The value calculated here doesn't seem to be used anywhere.

> +        rem = region[i].per_cpu_sz % cpumask_weight(&all_worker_cpus);
>  
> -        spin_lock(&heap_lock);
> +        region[i].rem = rem;
> +        region[i].per_cpu_sz /= cpumask_weight(&all_worker_cpus);
> +        max_per_cpu_sz = region[i].per_cpu_sz;
> +        if ( max_per_cpu_sz && chunk_size > max_per_cpu_sz )
> +            chunk_size = max_per_cpu_sz;

So you may end up limiting chunk size further on each iteration.
That's surely not very efficient.

> +        cpumask_copy(&region[i].cpu, &all_worker_cpus);
>  
> -        /* Re-check page status with lock held. */
> -        if ( page_state_is(pg, free) )
> -            scrub_one_page(pg);
> +        for ( offset = 0; offset < max_per_cpu_sz; offset += chunk_size )
> +        {
> +            region[i].offset = offset;
>  
> -        spin_unlock(&heap_lock);
> -    }
> +            process_pending_softirqs();
> +
> +            spin_lock(&heap_lock);
> +            on_selected_cpus(&all_worker_cpus, smp_scrub_heap_pages, &region[i], 1);

So in round 2 you're telling all CPUs to scrub one node's memory. That
ought to be particularly inefficient when you have relatively many
CPUs and relatively little memory on the node. In the hope that nodes
without CPUs aren't that common (or are relatively symmetric in terms
of their count relative to the count of nodes with CPUs), wouldn't it be
better (and yielding simpler code) to have each CPU scrub one such
node in its entirety (ultimately, if this turns out to be a more common
case, node distance could even be taken into consideration when
picking which CPU does what).

Jan

^ permalink raw reply	[flat|nested] 13+ messages in thread

* Re: [PATCH v3] Xen: Spread boot time page scrubbing across all available CPU's
  2014-04-14  9:39   ` Jan Beulich
@ 2014-04-14 15:04     ` Konrad Rzeszutek Wilk
  2014-04-14 15:18       ` NUMA nodes with no cpus Andrew Cooper
  2014-04-14 15:38       ` [PATCH v3] Xen: Spread boot time page scrubbing across all available CPU's Jan Beulich
  0 siblings, 2 replies; 13+ messages in thread
From: Konrad Rzeszutek Wilk @ 2014-04-14 15:04 UTC (permalink / raw)
  To: Jan Beulich
  Cc: keir, andrew.cooper3, dario.faggioli, tim, xen-devel,
	Konrad Rzeszutek Wilk, malcolm.crossley

. snip.. [agreed to the comments]
> > -        spin_lock(&heap_lock);
> > +        region[i].rem = rem;
> > +        region[i].per_cpu_sz /= cpumask_weight(&all_worker_cpus);
> > +        max_per_cpu_sz = region[i].per_cpu_sz;
> > +        if ( max_per_cpu_sz && chunk_size > max_per_cpu_sz )
> > +            chunk_size = max_per_cpu_sz;
> 
> So you may end up limiting chunk size further on each iteration.
> That's surely not very efficient.

Tim also raised this. I think a better option would be to
stash the 'chunk_size' then in the 'region' and have each
NODE worker select the most optimal value.

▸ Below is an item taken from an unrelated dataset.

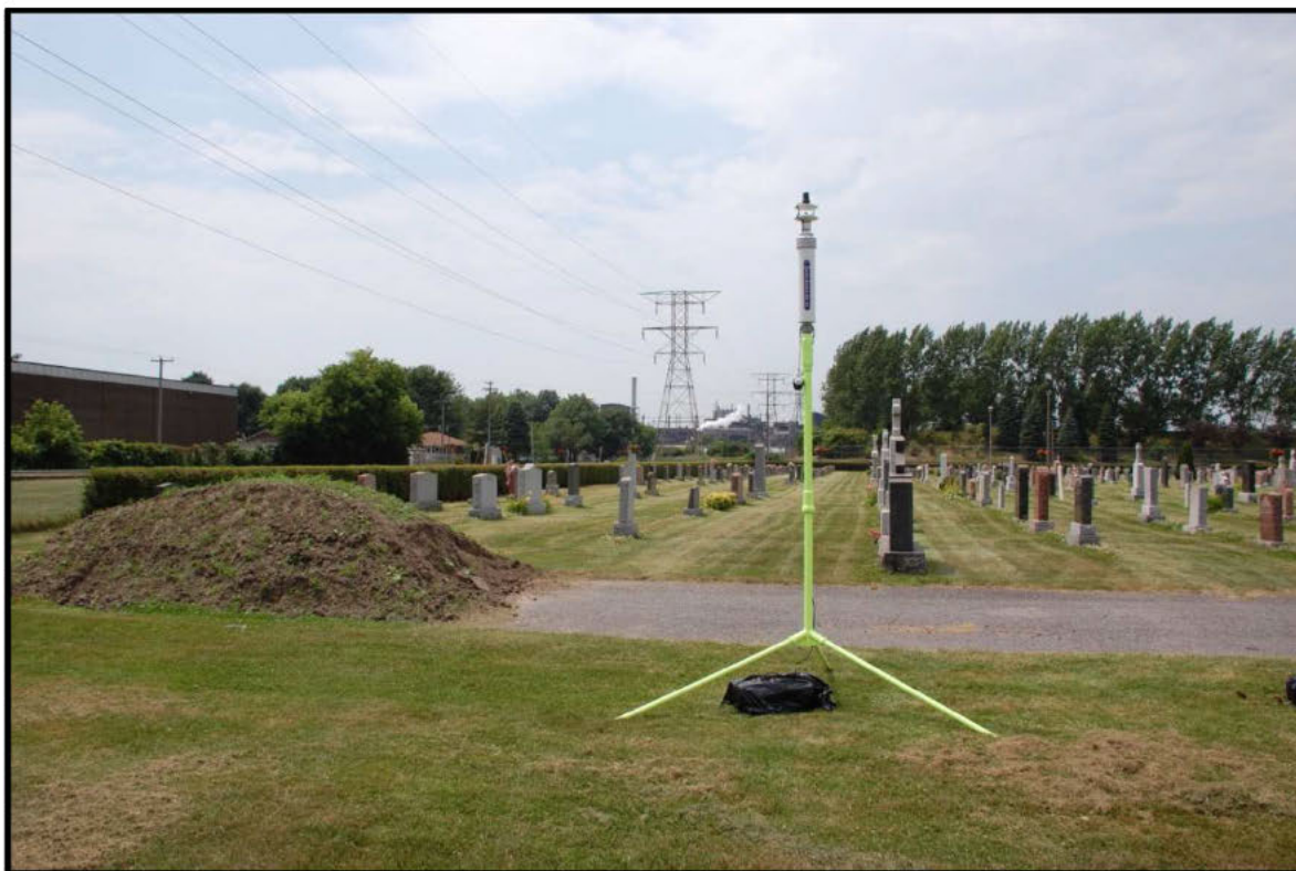
Photographie 1 : Lieu d'installation de la tour météo.

That will require making the loop that kicks off all the CPUs to not
increment 'chunk' based on the 'chunk size'

 chunk = 0; chunk < max_per_cpu_sz; chunk += chunk_size
                                             ^^^^^^^^^^

but on a different value. Perhaps just make it a max iteration value:

 j = 0; j < max_per_cpu_size / opt_bootscrub_chunk; j++

and each NOED worker will be given as 'offset' the 'j' value and can
figure out whether:

   r->start + r->offset * r->per_cpu_sz >= r->end;
		return
   else
                do the work

(and we would add 'end' in the new region).
> 
> > +        cpumask_copy(&region[i].cpu, &all_worker_cpus);
> >  
> > -        /* Re-check page status with lock held. */
> > -        if ( page_state_is(pg, free) )
> > -            scrub_one_page(pg);
> > +        for ( offset = 0; offset < max_per_cpu_sz; offset += chunk_size )
> > +        {
> > +            region[i].offset = offset;
> >  
> > -        spin_unlock(&heap_lock);
> > -    }
> > +            process_pending_softirqs();
> > +
> > +            spin_lock(&heap_lock);
> > +            on_selected_cpus(&all_worker_cpus, smp_scrub_heap_pages, &region[i], 1);
> 
> So in round 2 you're telling all CPUs to scrub one node's memory. That
> ought to be particularly inefficient when you have relatively many
> CPUs and relatively little memory on the node. In the hope that nodes

Aha! I knew I missed one case.

> without CPUs aren't that common (or are relatively symmetric in terms
> of their count relative to the count of nodes with CPUs), wouldn't it be
> better (and yielding simpler code) to have each CPU scrub one such
> node in its entirety (ultimately, if this turns out to be a more common
> case, node distance could even be taken into consideration when
> picking which CPU does what).

That would work too. The non-CPU-full-NUMA case is an oddity that I have only
reproduced if I use 'numa=fake=8' on a single socket machine. In that case
the 1st node has all of the CPUs and the rest are without. And it made it faster
to just use all of the available CPU cores on the rest of the nodes.

Perhaps a check:

	(end - start)  < opt_bootscrub_chunk * 2

If the amount of memory per node is less than bootscrub chunk size (assume it is in
bytes) times two per then use just one CPU. 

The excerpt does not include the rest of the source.